Bookmarked Coding on Copilot: 2023 Data Suggests Downward Pressure on Code Quality by William Harding and Matthew Kloster

Gitclear takes a look at how the use of Copilot is impact coding projects on GitHub. They signal several trends that impact the overall code quality negatively. Churn is increasing (though by the looks of it, that trend started earlier), meaning the amount of code very quickly being corrected or discarded is rising. And more code is being added to projects, rather than updated or (re)moved, indicating a trend towards bloat (my words). The latter is mentioned in the report I downloaded as worsening the asymmetry between writing/generating code and time needed for reading/reviewing it. This increases downward quality pressure on repositories. I use GitHub Copilot myself, and like Github itself reports it helps me generate code much faster. My use case however is personal tools, not a professional coding practice. Given my relatively unskilled starting point CoPilot makes a big difference between not having and having such personal tools. In a professional setting more code however does not equate better code. The report upon first skim highlights where benefits of Copilot clash with desired qualities of code production, quality and team work in professional settings.
Via Karl Voit

To investigate, GitClear collected 153 million changed lines of code,
authored between January 2020 and December 2023….. We find disconcerting trends for maintainability. Code churn — the
percentage of lines that are reverted or updated less than two weeks after
being authored — is projected to double in 2024 compared to its 2021,
pre-AI baseline. We further find that the percentage of “added code” and
“copy/pasted code” is increasing in proportion to “updated,” “deleted,” and
“moved” code.

Gitclear report

I imported hundreds of Amazon e-book purchases into my book notes, using a script I wrote with the assistance of GitHub Co-Pilot.

As a home-cooking coder, coding things often takes me a long time. I know how to cut things up in order to be able to code the pieces. I know a bit of my default coding language PHP, and can read it to see what it does. But actual coding is a different thing. It’s more like a passive fluency rather than an active one. Mostly because I don’t do it often enough to become actively fluent, even though I have been coding my own things since the early 1980s.
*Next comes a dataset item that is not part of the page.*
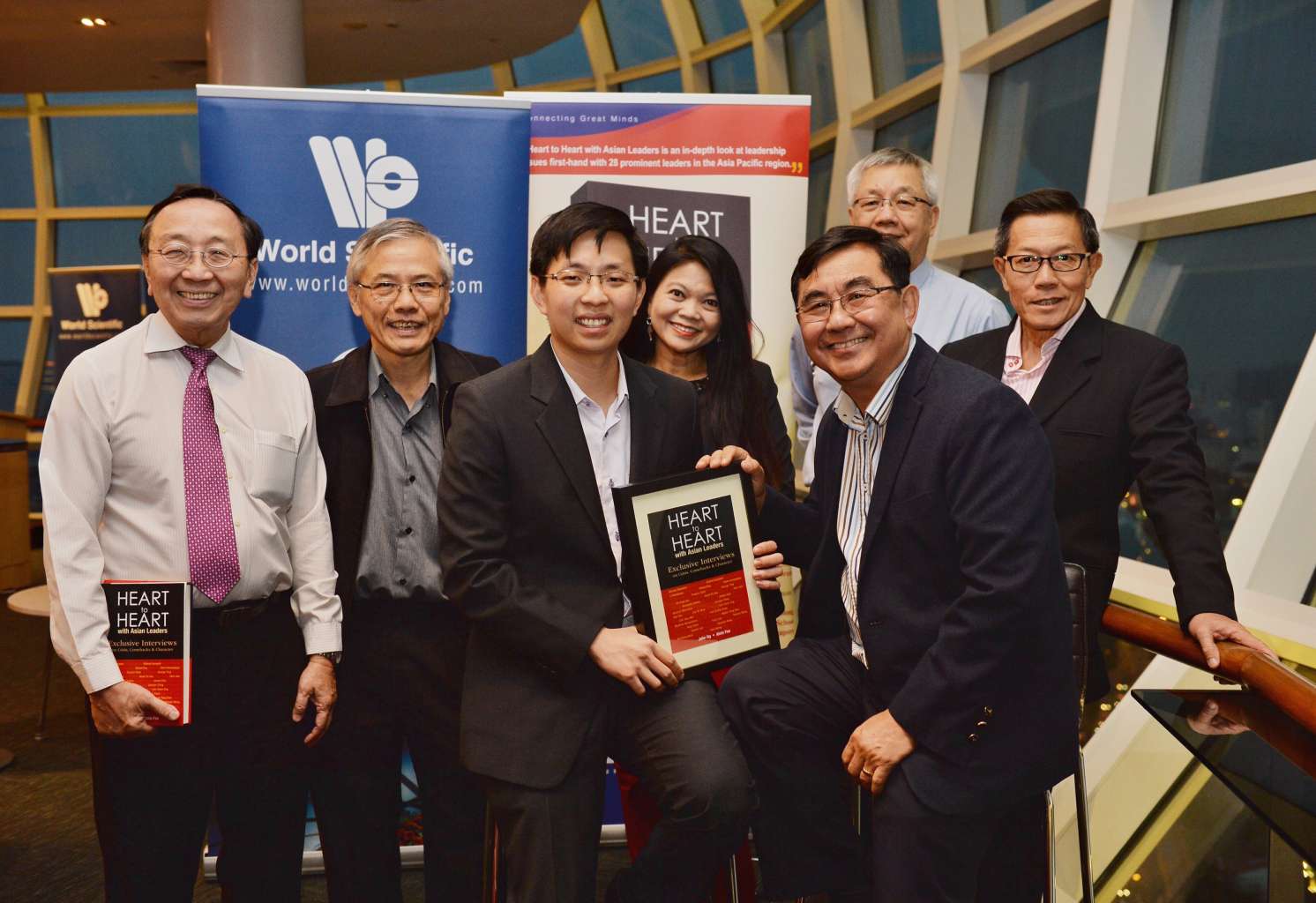 Book authors, Alvin Foo (third from left) and John Ng (3rd from right) and some of the book contributors (from left) Lim Hua Min, Associate Professor Ho Peng Kee, Jocelyn Chng, Edward Ong and James Chia at the book launch of Heart to Heart with Asian Leaders at The National Library on Aug 21, 2015.

So coding for me means a lot of looking up how statements work, what terms they expect etc., which is time consuming.
Over time I’ve collected pieces of functionality I reuse in various other projects, and I have a collection of notes on how to do things and why (it’s not really a coding journal, but it could grow into one.) Yet it is usually very time consuming.

Earlier this year I took a subscription on Github Co-pilot. I installed two plugins in Visual Studio Code, the text-editor I use for coding: Co-pilot and co-pilot chat. I thought it might help me make it easier to create more personal tools.
It took until yesterday before I both had the urge and the time to test that assumption.

I am backfilling different types of information into my Obsidian notes. Such as my Google calendar items from 2008-2020, earlier.
Another is ensuring I have a book note for every book I bought for Amazon Kindle. I’ve bought just over 800 books since December 2010 for Kindle (vs 50 physical books since 2008, as I usually use local bookshops for those). For a number of them I have book notes in Obsidian, for others I don’t. I wanted to add notes for all Kindle books I bought over the years.
And this gave me my first personal tool project to try Co-pilot on.

The issue is having a list of Amazon Kindle purchases (title, author, date) and a list of existing book notes, where the title is usually shorter than the one on the Amazon list (no sub title e.g.). I set out to make a script that checks every existing book note against the Amazon list, and writes the remaining Amazon purchases to a new list. Then in a next step that new list is used to create a book note with a filled out template for each entry.

Using Co-pilot and especially the chat function made the coding quick and easy. It was also helping me learn as the chat provides reasons for its suggestions and I could go back and forth with it to understand various elements better. A very useful effect was that from having to write prompts for the chat bot and following up on the answers allowed me to much better clarify to myself what I was trying to do and coming up with ideas how to do it. So it sped up my thinking and creation process, next to providing helpful code suggestions that I only needed to tweak a bit for my use case (rather than find various solutions on stack-overflow that don’t really address my issue). It also helped me make useful notes for my coding journal and code snippet collection.
It was still time consuming, but not because of coding: data cleaning is always a big chore, and will remain so because it needs human inspection.

I now have a folder with some 475 automatically made book notes, in the right structure, derived from the 800 Kindle book purchases over 13 years using my existing book notes as filter.
Next projects to have a go at will be the physical book purchases through Amazon (50), and my old Calibre library of all books I owned before 2012 (over 1000, when we did away with most of them, after I scanned their barcodes all into a database.)

I am pleased with how helpful GitHub Co-Pilot was for me in this. It energises me to think of more little coding projects for personal tools. And who knows, maybe it will increase my coding skills too, or have me branch out in programming languages I don’t know, like python, or help me understand other people’s code like in WordPress plugins I might want to tweak.